In the 1990s Broz volunteered as a physician in war-torn Bosnia and heard the stories of her patients' experiences, stories that had been suppressed by the government and the media. During the next several years she collected the testimonies of ordinary citizens who displayed kindness and compassion in the face of such terrible circumstances. Included are the tales of Mile Plakalovic, a taxi driver who picked up the wounded from the sidewalks and delivered food and clothing to the young, and Velimar Milosevic, a poet who traveled with an actor to entertain children, all the while hiding in basements to avoid bombings and gunfire.

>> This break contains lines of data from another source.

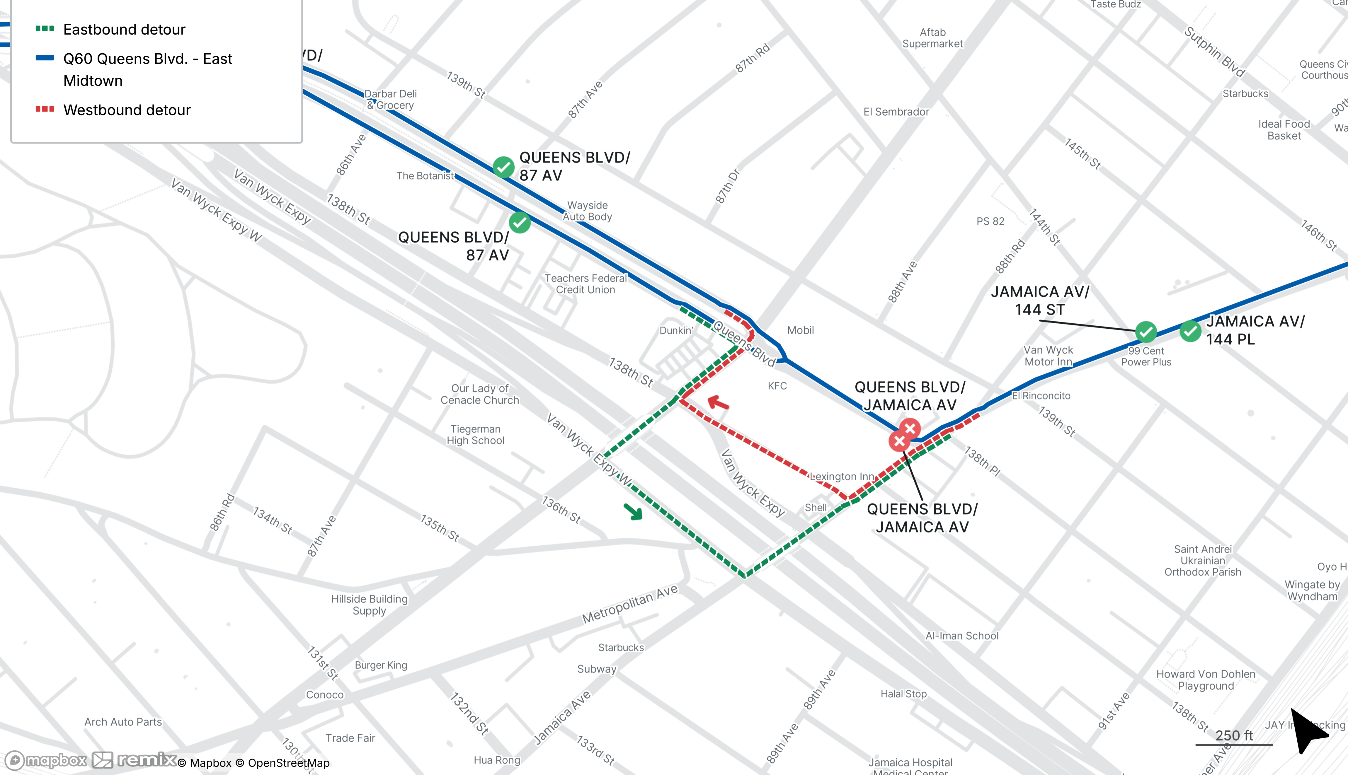 Q60 stops on Jamaica Ave at Queens Blvd in both directions will be closed
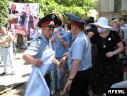 Акцияға қатысушылардың қолындағы сөз бостандығына қысым жасамау туралы талап айтылған жазуларды полицейлер күштеп жұлып алып жатыр. Алматы, 24 маусым 2009 ж.
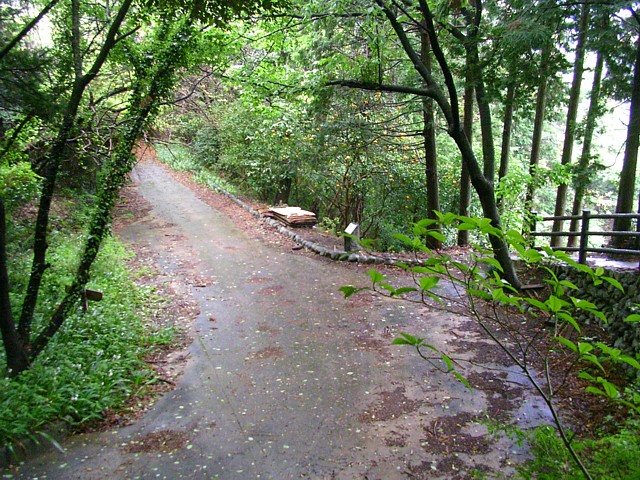 石垣上の細道から来た方向を振り返る。この付近にはかつての東海道が通っていた面影は見られない。
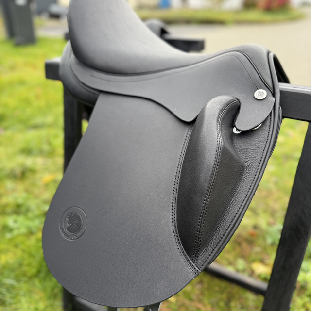 Die ergonomisch geformten Kniepauschen, der tiefe Schwerpunkt sowie der mittig ausbalancierte Sitz sorgen für maximalen Halt bei gleichzeitig engem Kontakt zum Pferd. Dadurch entsteht ein harmonisches Zusammenspiel zwischen Reiter und Pferd – die Hilfen können präziser gegeben werden, während das Pferd aktiv untertritt und den Rücken optimal einsetzen kann.

“The testimonies are complex, moving, and enlightening—there is no simple story here,” says Hart.
Hart became involved with Good People in an Evil Time through colleagues at Harvard University who were familiar with her research in ethnicity, identity, and conflict in the southern Balkans and of her role as a series editor at Other Press. Hart also wrote an introduction to the book, in which she discusses the importance of bringing these stories to a broad audience.
“We need to read these testimonies to get an accurate sense of the war—the sudden and frightening situations in which people found themselves and their attempts to negotiate those conditions and to survive—and through this we can understand better how people also resisted the ideologies of ethnic hatred, and were helped by others across ethnic lines,” she says.“The war did not emerge out of local antagonisms but out of political interests. The material in the introduction intends to expand the reader's awareness of what ‘ethnicity' means and how it was manipulated.”